On Fri, Jan 1, 2010 at 11:23 PM, Bob Eastbrook baconeater789@gmail.comwrote:
On Fri, Jan 1, 2010 at 2:09 PM, Bob Eastbrook baconeater789@gmail.com wrote:
Can anyone describe an architecture which can handle 1000 IMAP or POP messages per second? Ideally, it would be hosted in the cloud and additional instances could be launched to handle additional load.
More information: imagine an app which processes orders for concert tickets via email. The app connects to a server via POP or IMAP, downloads orders, and then deletes them from the server. There aren't thousands of users simultaneously accessing and searching their mail, but rather only one account (orders@example.com) but thousands of emails per second.
Ideally, it could be cloud hosted so that instances could be launched before tickets go on sale. Instances can be shut down after the rush.
Hi Bob,
Just to make sure I understand you: Some app is sending emails to orders@example.com at the rate of 1000 per second, and another app is fetching email from orders@example.com to process them?
Regards, Thomas Løcke
On Fri, Jan 1, 2010 at 3:07 PM, Thomas Løcke thomas.granvej6@gmail.com wrote:
Hi Bob,
Just to make sure I understand you: Some app is sending emails to orders@example.com at the rate of 1000 per second, and another app is fetching email from orders@example.com to process them?
Hello,
Actually, thousands of customers would send order emails to a system running postifx. All orders end up in orders@example.com. Then, another app fetches these emails via Dovecot (POP or IMAP), ideally at the rate of 1000 per second.
I think it might be difficult to accomplish this via POP since I think Dovecot would have to lock the account while doing the POP downloads. This makes it difficult to have more than one app downloading at a time.
Cheers, Bob
On 1.1.2010, at 18.15, Bob Eastbrook wrote:
I think it might be difficult to accomplish this via POP since I think Dovecot would have to lock the account while doing the POP downloads.
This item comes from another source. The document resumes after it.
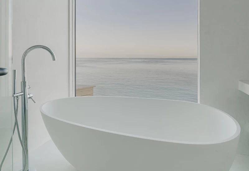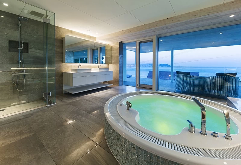 瀬戸内海東部に位置する淡路島の丘の上、豊かな自然に囲まれた一棟貸しの宿「TERROIR」。この宿には「KURA」「F HUT」「S HUT」の3棟があり、いずれの棟もバスタブから海を望む贅沢な設計となっています。特に「KURA」の2階にあるバスルームは、円形の浴槽を中心に配した非日常的なデザインが魅力。窓からは広い海と空が広がる絶景が望めます。広大な自然の中で、五感を研ぎ澄ませながら贅沢なひと時をお過ごしください。
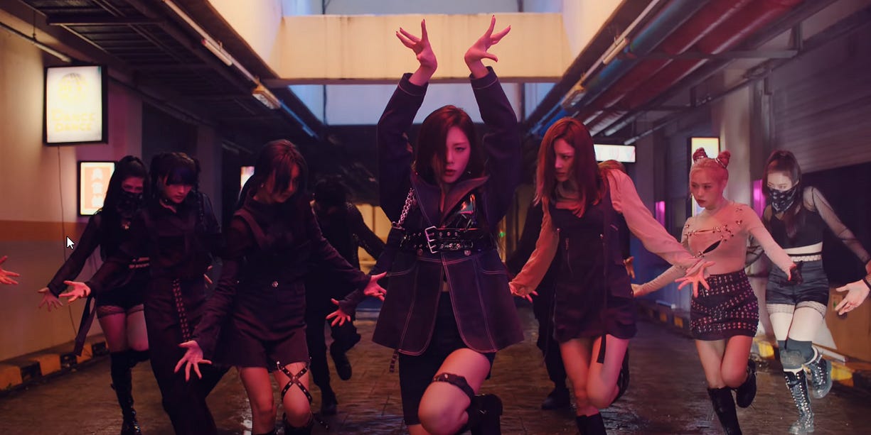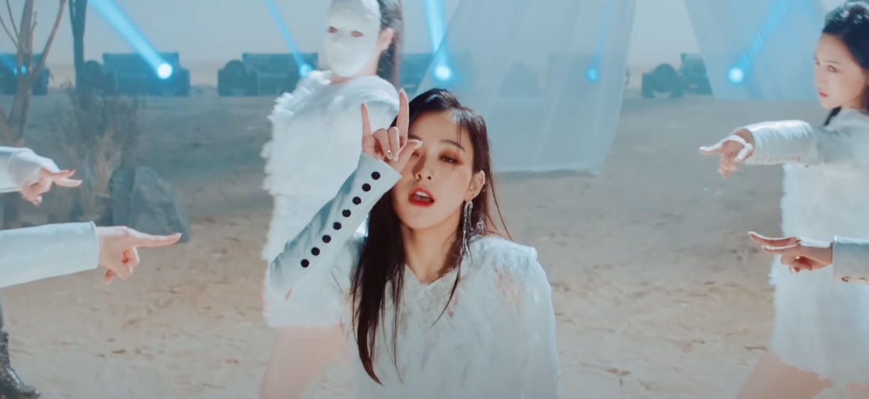 Combining this with the visualization, the “story” of the music video, and the choreography (with one such example pictured above), “Scream” bombards you with imagery and lyrics which depict a world in “Dystopia” where anyone can be targeted with hate comments as a “witch”. Additionally, on the other side of the coin, what’s also being said is that anyone can be a participant in that targeting, due to how easy it is to remain anonymous and produce hateful comments. The recurring image of someone behind a faceless mask is used in “Scream” to represent this sinister, harmful element that Dreamcatcher is trying to defend against, both in the video’s story and as they stated in a News1 interview, in their lives as idols:

This makes it difficult to have more than one app downloading at a time.
The locking behavior is optional, and disabled by default (pop3_lock_session).
Bob Eastbrook wrote:
On Fri, Jan 1, 2010 at 3:07 PM, Thomas Løcke thomas.granvej6@gmail.com wrote:
Hi Bob,
Just to make sure I understand you: Some app is sending emails to orders@example.com at the rate of 1000 per second, and another app is fetching email from orders@example.com to process them?
Hello,
Actually, thousands of customers would send order emails to a system running postifx. All orders end up in orders@example.com. Then, another app fetches these emails via Dovecot (POP or IMAP), ideally at the rate of 1000 per second.
I think it might be difficult to accomplish this via POP since I think Dovecot would have to lock the account while doing the POP downloads. This makes it difficult to have more than one app downloading at a time.
Cheers, Bob
Don't use POP3 or IMAP; instead deliver the messages to a command. For example, GNU Mailman is mailing list software which pipes each incoming list message to a Python script. That command can then perform the necessary processing.
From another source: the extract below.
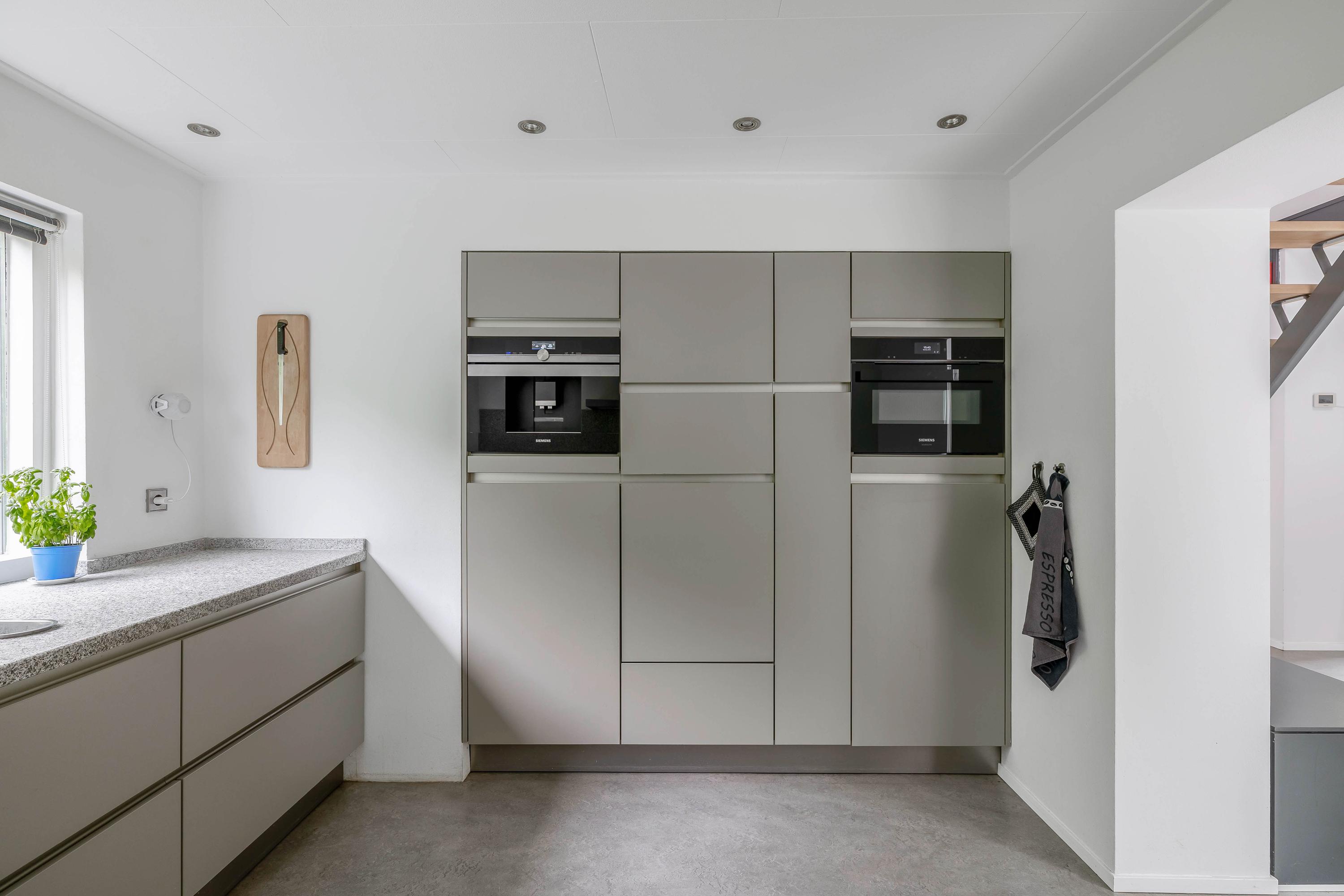 (milk) specialties, and a dishwasher at height! A large window provides plenty of natural light. Next to the kitchen, you will find a built-in cupboard containing the Inventum 300L boiler.
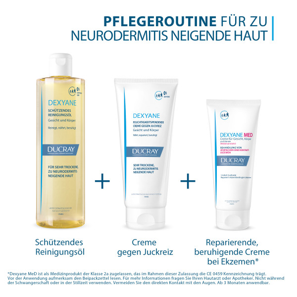 Sehr trockene, zu Neurodermitis neigende Haut fühlt sich oft sehr unangenehm an. Grund dafür ist eine geschädigte Hautbarriere, was zu vermehrtem Spannungsgefühl und teilweise starkem Juckreiz führen kann. Das seidig schützende Reinigungsöl von DEXYANE reinigt die Haut sanft, nährt, reduziert bakterielle Ausbreitung und schützt die Haut vor Hauttrockenheit.

I don't know what you had in mind, but if the messages can be handled independently, it's easy to add new machines. Just duplicate the config on another box, and create an MX record for it.
virtual_alias_domains
# Each address in example.com must be aliased to a local user. example.com IGNORED
virtual_alias_maps
# The virtual address "orders@example.com" is mapped to the local user # of the same name. orders@example.com orders
alias_maps
# And then the local user's mail is delivered to a script rather than to # a mailbox. orders "|/path/to/your/script"
Hi,
Don't use POP3 or IMAP; instead deliver the messages to a command. For example, GNU Mailman is mailing list software which pipes each incoming list message to a Python script. That command can then perform the necessary processing.
I don't know what you had in mind, but if the messages can be handled independently, it's easy to add new machines. Just duplicate the config on another box, and create an MX record for it.
Yep don't use POP/IMAP to fetch messages. Use a script as said Michael.
You can let Postfix handle the queue if there are more mails than your script can process. Or write a script that handle his own queue to avoid 'locking' postfix during delivery.
In all cases an architecture 'online' is better than 'polling' via POP/IMAP...
For scalability you can use multiple MX and/or spawn multiples threads on the delivery script.
Hope that helps.
Regards.
Hello,
Actually, thousands of customers would send order emails to a system running postifx. All orders end up in orders@example.com. Then, another app fetches these emails via Dovecot (POP or IMAP), ideally at the rate of 1000 per second.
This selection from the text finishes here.